DIRECTIONS =>
Repeat exactly the lines below, from the line containing "The fuser unit" through the last line, both included. Leave out any pictures.

DATA SECTION =>
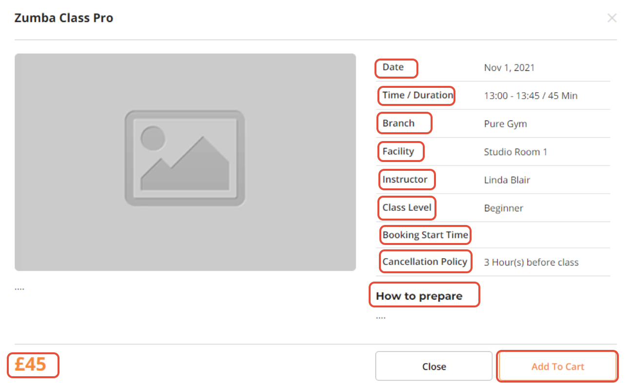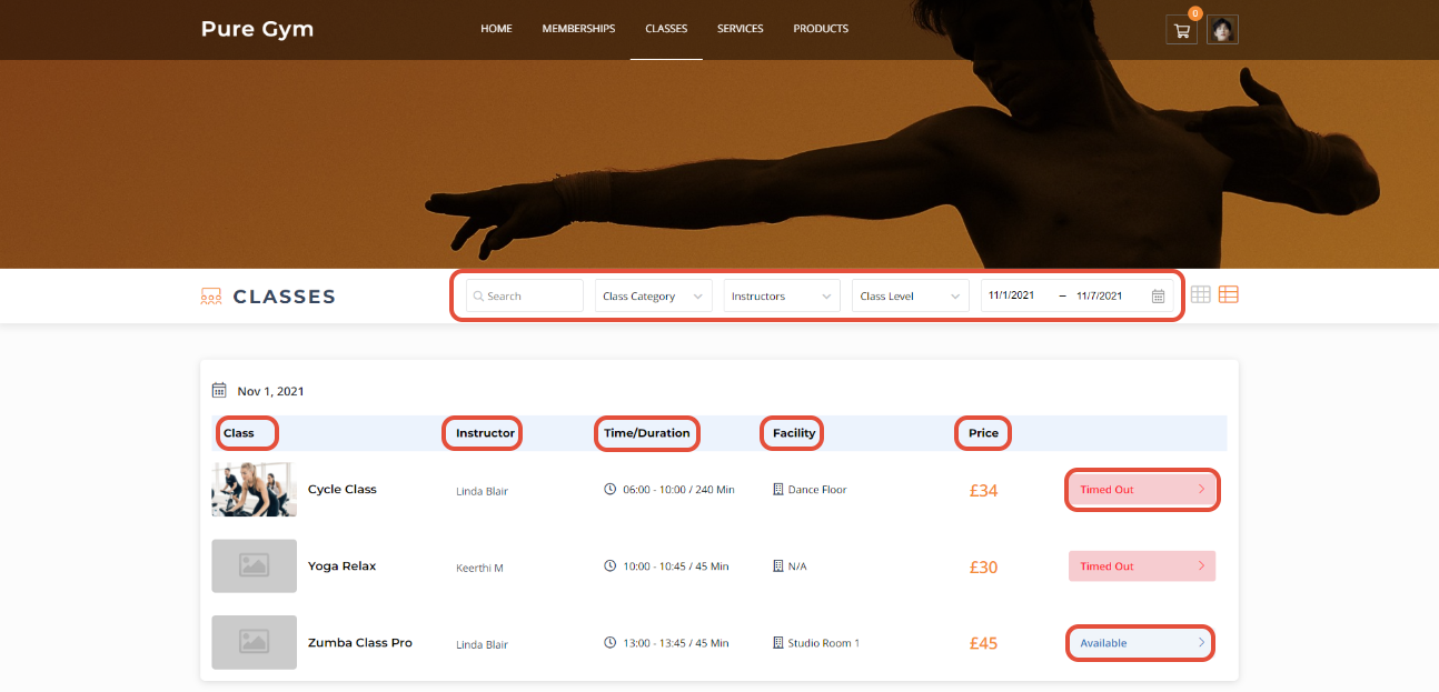 The Classes Tab will display the classes that are scheduled in order of dates. A Search Tab will be present where customers can filter their search for scheduled classes by Class Category, Instructor, Class Level or Date.
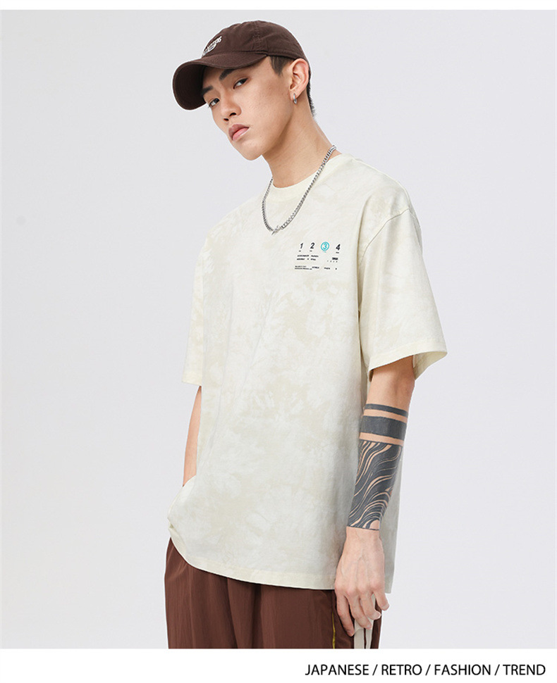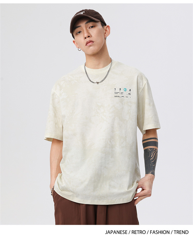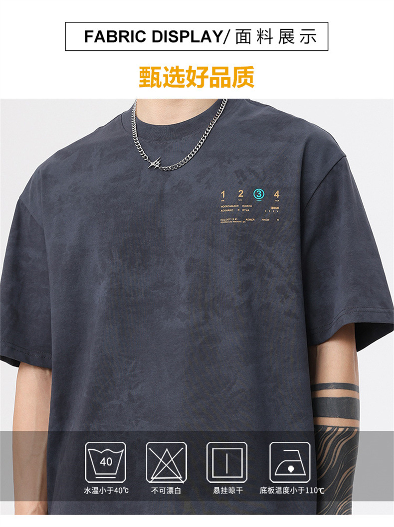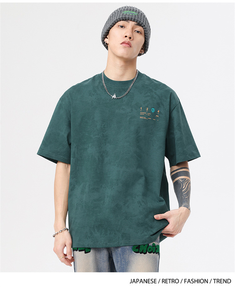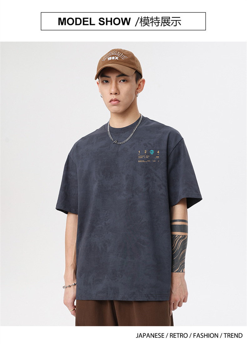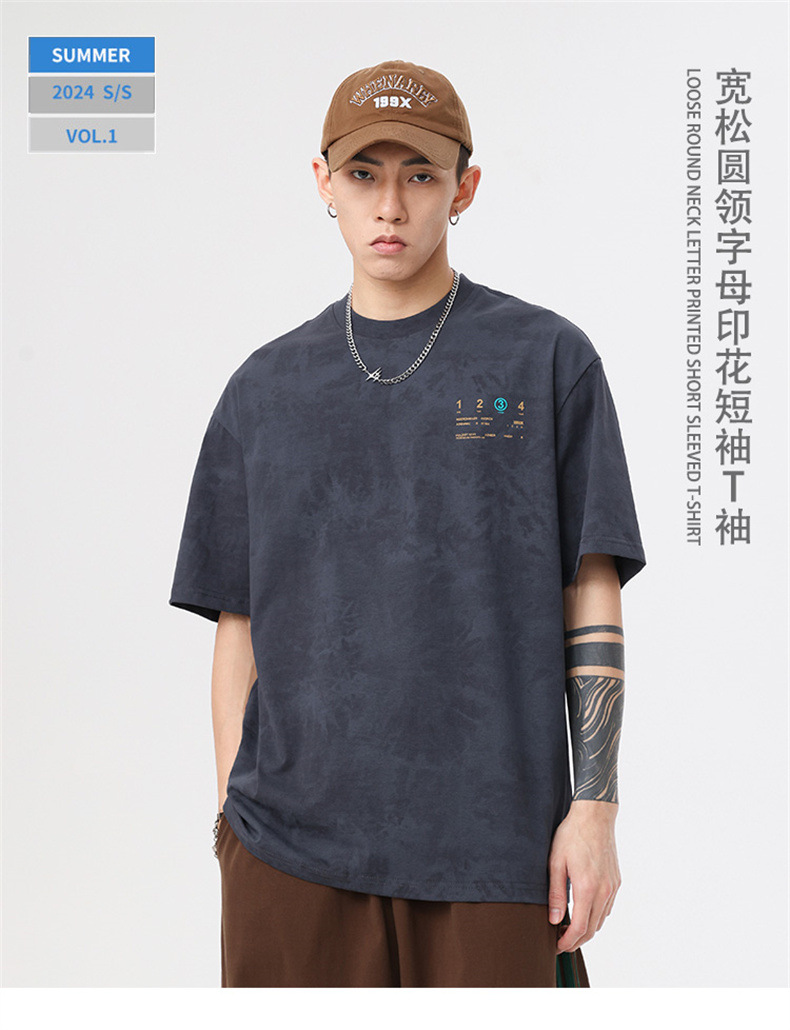 230g 편지 인쇄 반팔 티셔츠 남성 여름 패션 브랜드 플러스 사이즈 미국 느슨한 반소매 남성 자수 티셔츠스토어 가기
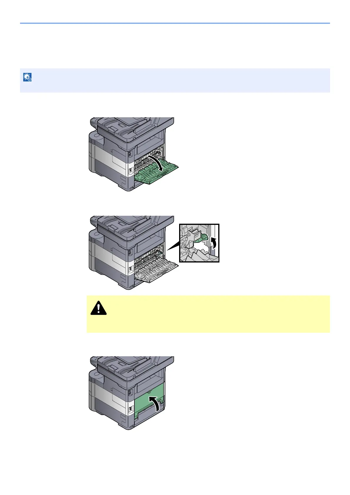 The fuser unit inside the machine is hot. Do not touch it with your hands as it may
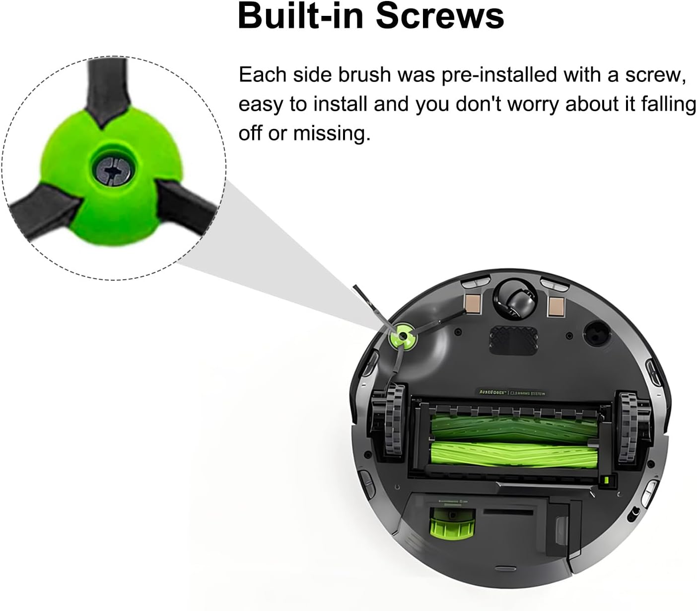 Compatibility: These black side brushes fits for iRobot Roomba all i j e Series models, Roomba j5 j5+ j6 j6+ j7 j7+ j8 j8+ j9 j9+ i3 i4 i5 i5+ i6 i6+ i7 i7+ i8 i8+ e5 e6 Robotic Vacuum Cleaner.

SOLUTION FOR THIS EXERCISE =>
 The fuser unit inside the machine is hot. Do not touch it with your hands as it may
 Compatibility: These black side brushes fits for iRobot Roomba all i j e Series models, Roomba j5 j5+ j6 j6+ j7 j7+ j8 j8+ j9 j9+ i3 i4 i5 i5+ i6 i6+ i7 i7+ i8 i8+ e5 e6 Robotic Vacuum Cleaner.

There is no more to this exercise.